**The task**
What are the lines below, starting at the line containing "예 - 상태 변화(승화, 응고, 액화, 기화, 융해), 용해, 열팽창, 확산" and ending at the line containing "The largest gaps"? Write them out exactly, ends included, without pictures.

Stored data entries:

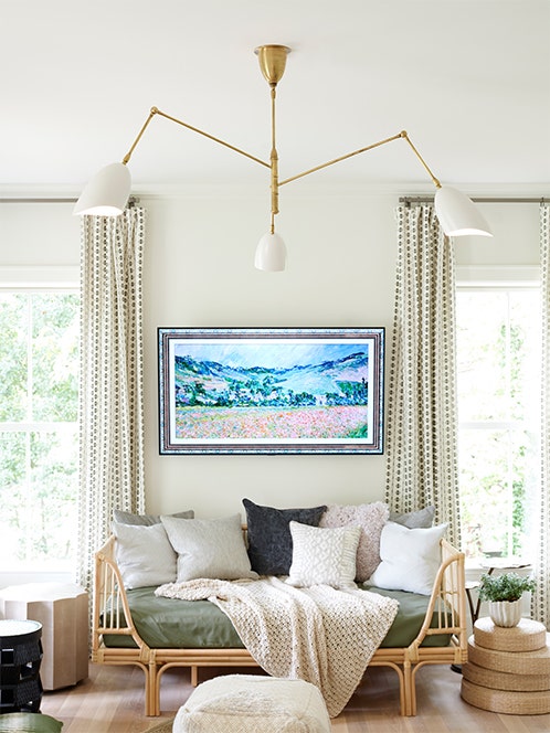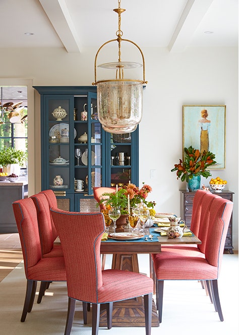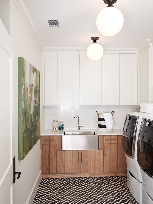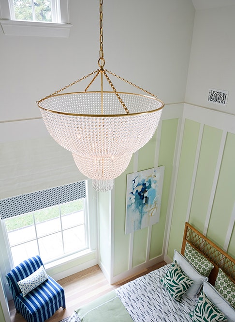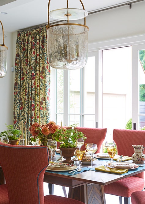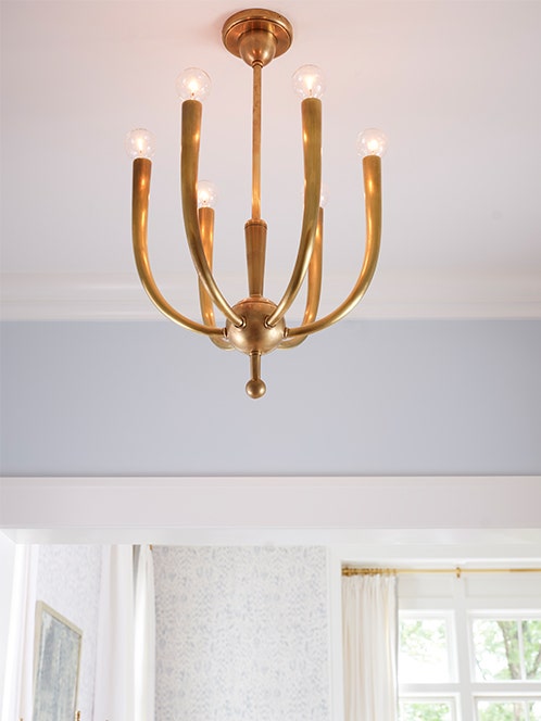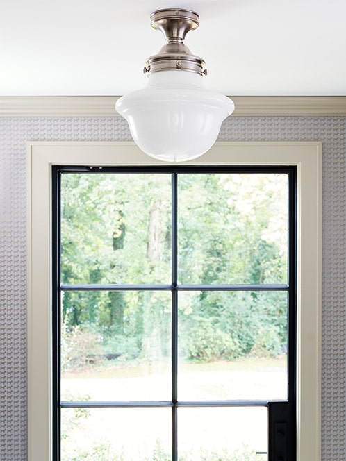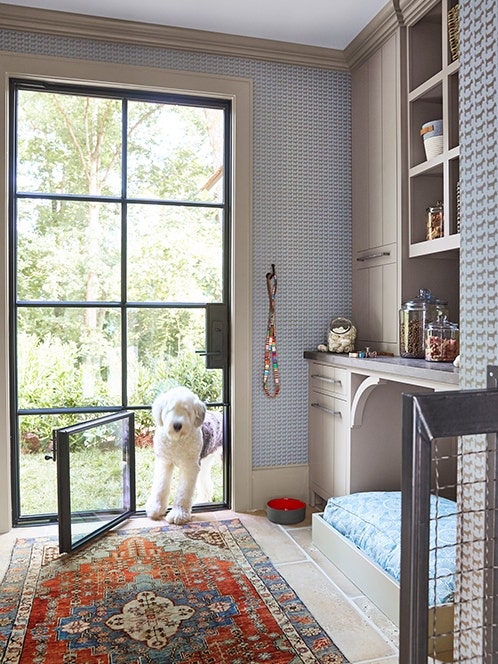 The mudroom was designed to be functional for all family members - especially the furry ones. The custom glass door features a hidden pet entrance. "I love that I could put my pup in here when she's muddy, close the half door, and know she's not behind a closed wall," Hart told House Beautiful. The Edmond Flush Mount by E.F. Chapman illuminates overhead.
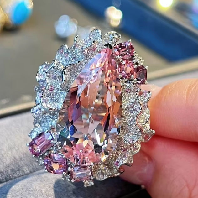 Keyword:Morganite Cherry Blossom Cocktail Ring 925 Sterling Silver
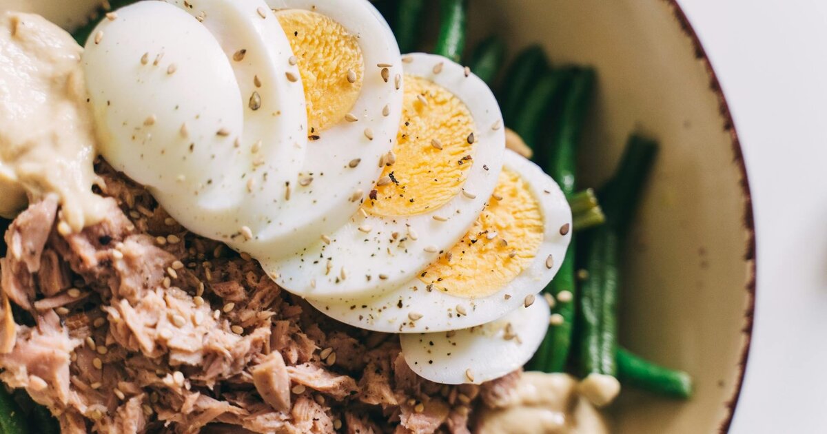 Από πάνω προσθέτετε τον τόνο σε κομμάτια και τα βραστά αυγά. Τελειώνετε με λίγο φρεσκοτριμμένο πιπέρι.
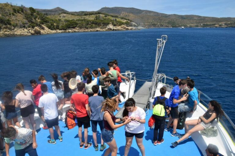 Després vam agafar un vaixell que ens va portar fins a cala Montjoi per fer el crèdit de síntesi. Quan vam arribar ens van ensenyar l'establiment, i llavors vam començar les activitats amb els grups del crèdit de cadascú.
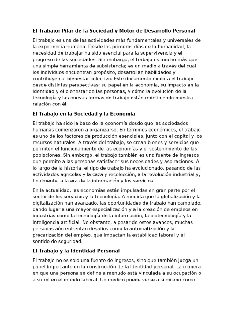 progreso de las sociedades. Sin embargo, el trabajo es mucho más que
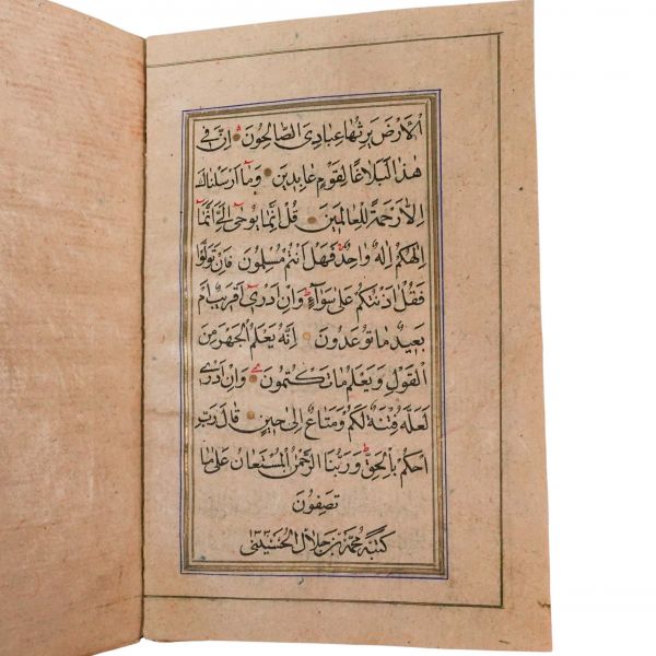 Eser; serlevhalı, tüm sayfaları tahrirli altın cetvelli harekeli nesih yazı ile yazılmış, zencerekli deri dönem cildi içindedir. *Eserin cildi sırt kısmından ikiye ayrıktır, basit tamir istemektedir.
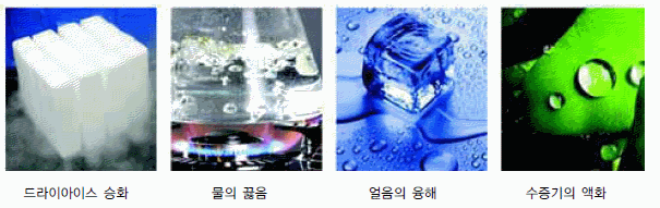 예 - 상태 변화(승화, 응고, 액화, 기화, 융해), 용해, 열팽창, 확산
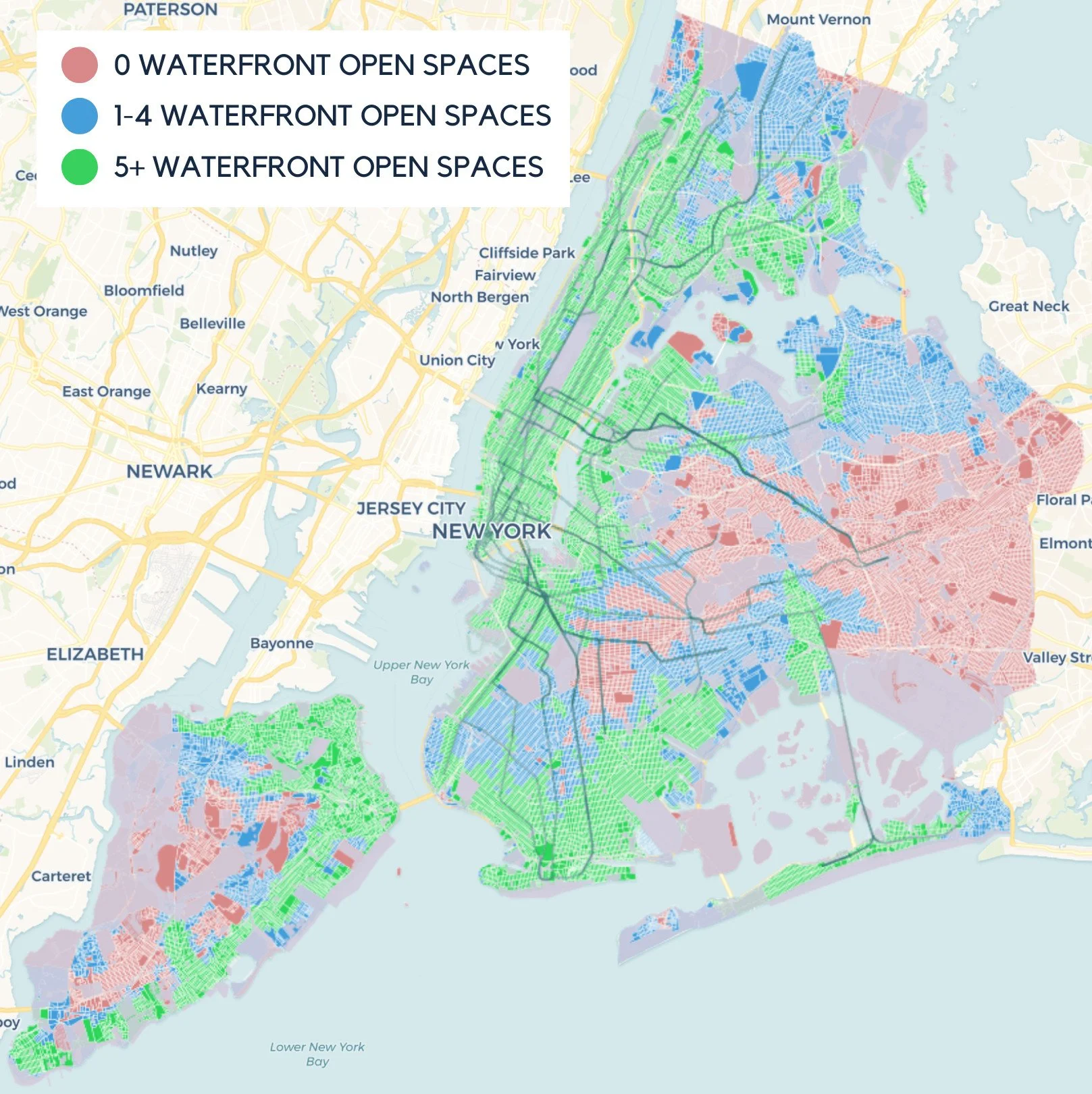 The largest gaps are in Southeast Queens where transit service and direct access to a NYC waterfront open space are limited.
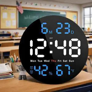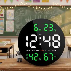 Large Digital Clock for Classroom, Digital Classroom Clocks for Teachers, 10" Round LED Clock with Large DisplayDate, Countdown Timer, Remote Control, Temperature, Electric (Green)

**Response**
 예 - 상태 변화(승화, 응고, 액화, 기화, 융해), 용해, 열팽창, 확산
 The largest gaps are in Southeast Queens where transit service and direct access to a NYC waterfront open space are limited.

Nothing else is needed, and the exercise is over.